Less than two hours later, as Scheer's (by now) motley fleet completed their high risk transit across the stern of the British Fleet, and were less than thirty miles from Horn Reef, they ran into a final flotilla of destroyers guarding the NE aspect of the BGF. The destroyers, led by Stirling, captain of the Faulkner launched a torpedo attack. His tubes missed the leading Konig Dreadnoughts, but sunk the pre-Dreadnought Pommern (pictured above), which went down rapidly with the loss of 800 lives. On this occasion, Stirling had the presence of mind to signal Jellicoe directly regarding the whereabouts of the GHSF, but agonisingly his messages did not get through. Scheer had lost a few small ships, but it was a price worth paying for the now (almost) secured safety of his Dreadnoughts.
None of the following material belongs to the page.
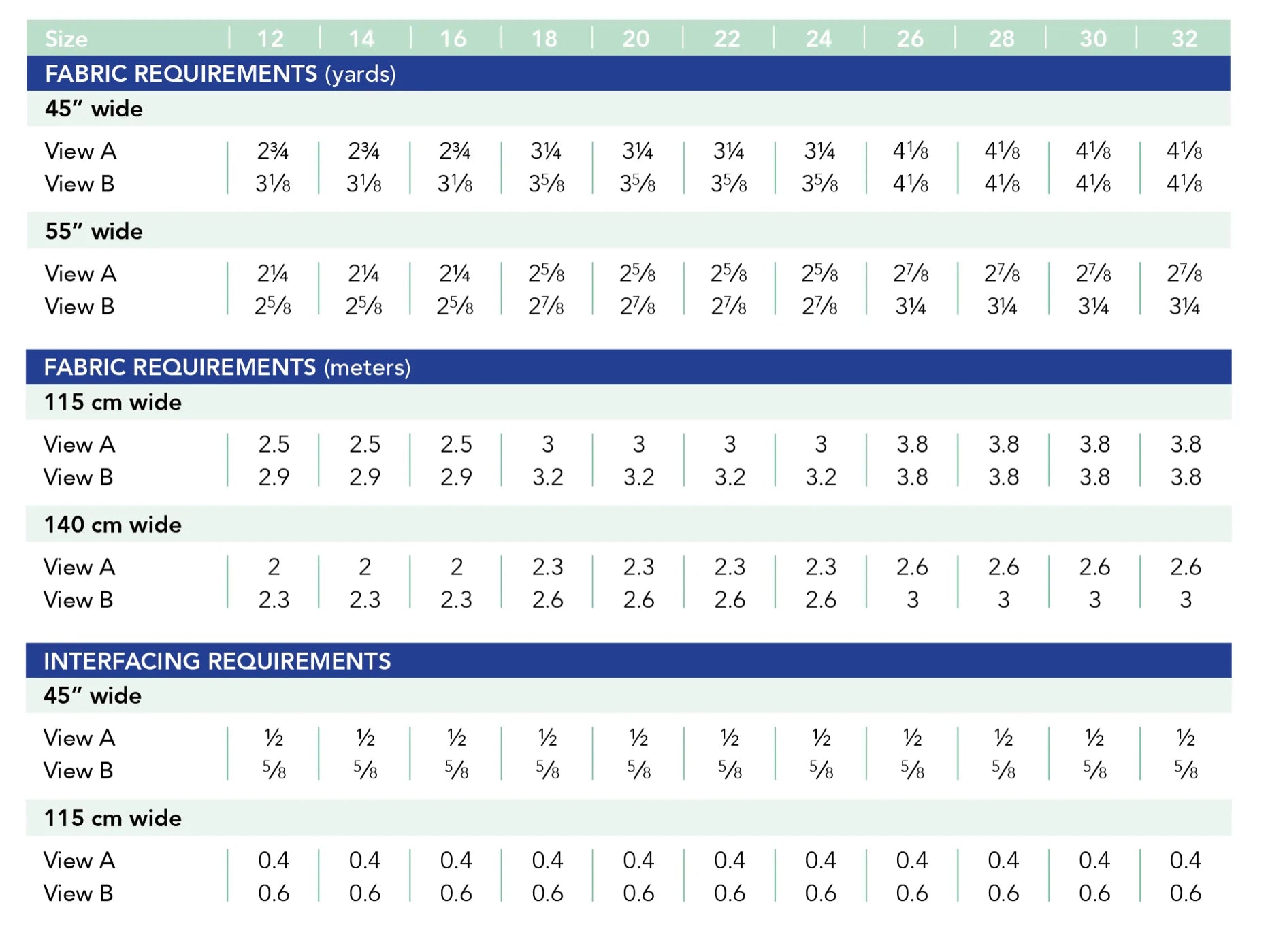 NOTIONS: Universal needle, thread, 12 (View A) or 14 (View B) buttons size 3⁄8 – 1⁄2” (10 –12 mm).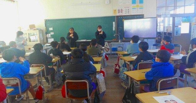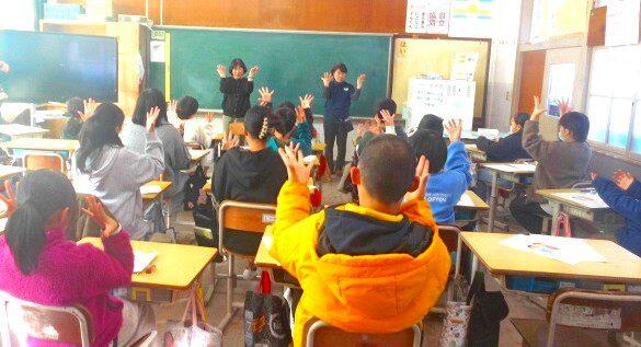 1月9日(金)、5年生が手話の学習をしました。西諸県地区手話派遣協会から6名が講師として来校され、挨拶の仕方やものの伝え方など、いろいろな手話を習いました。耳の不自由な方がどんなことに困っているか、耳の不自由な方々のためのバリアフリーなどについても説明もしていただきました。

02.00 But why did no-one else signal to Jellicoe to alert him to the importance of the action astern his main fleet? A combination of mixed messages from the incompetents at the Admiralty, and silence from his own Fleet commanders left him completely to his own devices and, frankly, to guesswork. Admittedly, officers were reluctant to signal too frequently for the risk of giving away positions, but for this cause that reason should surely have been disregarded.  Jellicoe was content to steam south, believing he was cutting off Scheer’s escape while putting distance between himself and what he took to be German destroyers in his rear – it was after all the torpedo threat that concerned him the most. He would face unrelenting criticism for this after the war, and yet he had at least two senior commanders much closer to the action than he, who chose not to react. As first light broke around 02.00 on 1st June, Scheer was completing his fleet’s passage across Jellicoe’s stern, and was almost in sight of Horn Reef.
Not all their damaged ships got there. German destroyers torpedoed the stricken Lutzow after her crew had been taken off. Wiesbaden sank in the North Sea. Seydlitz, struggling badly, narrowly avoided the rear of the British fleet, but ran aground on the sands of Horn Reef. Moltke, with Hipper on board, was the only one of his squadron to avoid severe damage, but was detached from the GHSF. She was the last to make her escape, eluding the BGF by a southerly route.

04.00  At dawn, Jellicoe’s fleet had been widely dispersed. He expected that he was still to the SE of Scheer, and ordered a turn to the NW, both to get closer to his stragglers and to search for Scheer. Beatty was further to the south searching for Scheer. At 04.00 Jellicoe received belated but unequivocal news from the Admiralty that Scheer was almost at Horn Reef. Ironically, this was just as Beatty was seeking permission (brashly, in view of his previous errors and misjudgements) from Jellicoe to join him to the SW, the opposite direction, in looking for Hipper.
Jellicoe immediately realised the implication of the Admiralty message. The Battle of Jutland was over. there was nothing to do but sweep up and go home. At 04.15 Jellicoe set his fleet to cruising order, to sweep back northwards to base.